I'm also guessing it isn't good for the muscles (DXM makes them tense up for a long time) and not good for your brain, liver, heart, and kidneys- most drugs overwork the kidneys and damage the liver if taken too frequently or in very high doses, plus DXM increases your heart rate and blood pressure. If you take a massive dose (above 3500 mg, I think?), you risk heart failure.
So with DXM, long-term use is not a good idea, even at the lower plateaus. And if you take it, you run the risk of getting addicted, though compared to some other drugs DXM isn't too addictive. I recommend that you check out erowid- people have posted how long-term use has affected them, and there is a DXM FAQ. Hope that helps.
When I was 15, my friend introduced me to DMX. We took it and she ended up OD-ing and ended up in the hospital. I probably should have gone to the hospital too. I took 8 Cordicidans and 2 hours later, I wasn't feeling anything, so I took the rest of the box (16 pills total).
All I remember is tripping so hard, I had no idea where I was or who I was. I was scared and freaked out. Strangely enough, after that night, I found that needed DXM to escape insecurities and reality. I tried different products until I found the one I liked the best (CVS brand cough suppressant). It made me feel invincible. I had so much energy and I became the outgoing, friendly person that I wanted to be.
I didn't do it a lot at first (because I didn't have a car to go get it). I did one 4 ounce bottle a couple times a month.
Things got out of control when I got my driver’s license. I had a job to buy the cough syrup, a car to get the cough syrup, and trusting parents. I consistently did it 3-4 times a week (4-8oz a day).
There were times when I would spend two months just binging on DXM. I would start out with 4 ounces a day but my tolerance grew and I worked my way up to 8+ ounces a day. One time I drank 24 ounces.
I wasn’t thinking about side effects, I just needed to get away from everything. I figured that I had done enough damage to my body that there was no point in quitting.
I really didn't feel negative side affects until into the 3rd year of my addiction. I would get sharp pains in my chest and I was 20lbs underweight.
When I turned 21, I would constantly drink alcohol with cough syrup. It intensified the trip and the cough syrup was my remedy for hangovers. They went hand in hand for me.
I finally wanted to quit after 7 years and I tried quitting more times than I could count.
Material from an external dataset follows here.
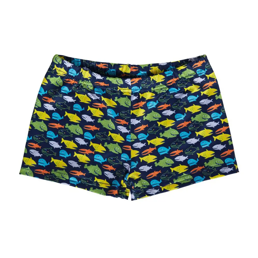 Tonton Trunk badbyxa från Slipstop har ett tätt och färgglatt mönster med fiskar och hajar i olika former, och passar bra för barn som gillar livliga detaljer och vattenlek. Den elastiska passformen och det snabbtorkande tyget gör den bekväm att använda hela dagen – både i vattnet och på land.

I would get up to 3 days sober and life would feel unbearable and I would look for justification to do it again (usually for energy).
After 8 years (August 2008), I was through letting DXM control my life. I finally quit cold turkey. It WAS the hardest obstacle I have ever had to overcome. It has been almost a year since the last time I tripped and I am still fighting cravings to this day. My speech is slurred when I get flustered; I have issues with anxiety, extreme paranoia, fatigue, depression, chest pains. My memory is shot and I have a hard time finding the words I’m trying to say.
I can’t go back to prevent my life from taking this path, but I can learn from it and move forward from there.
Please take my advice and stay away from DXM and all other drugs especially if you have an addictive personality like I do.
Just for the record, I've never met DMX :)
And...I'll be honest, if you're really desperate to get high, inform yourself and use something besides DXM. There are a lot more safer ways. And if you're worried about getting addicted, the best thing is to NOT do it at all!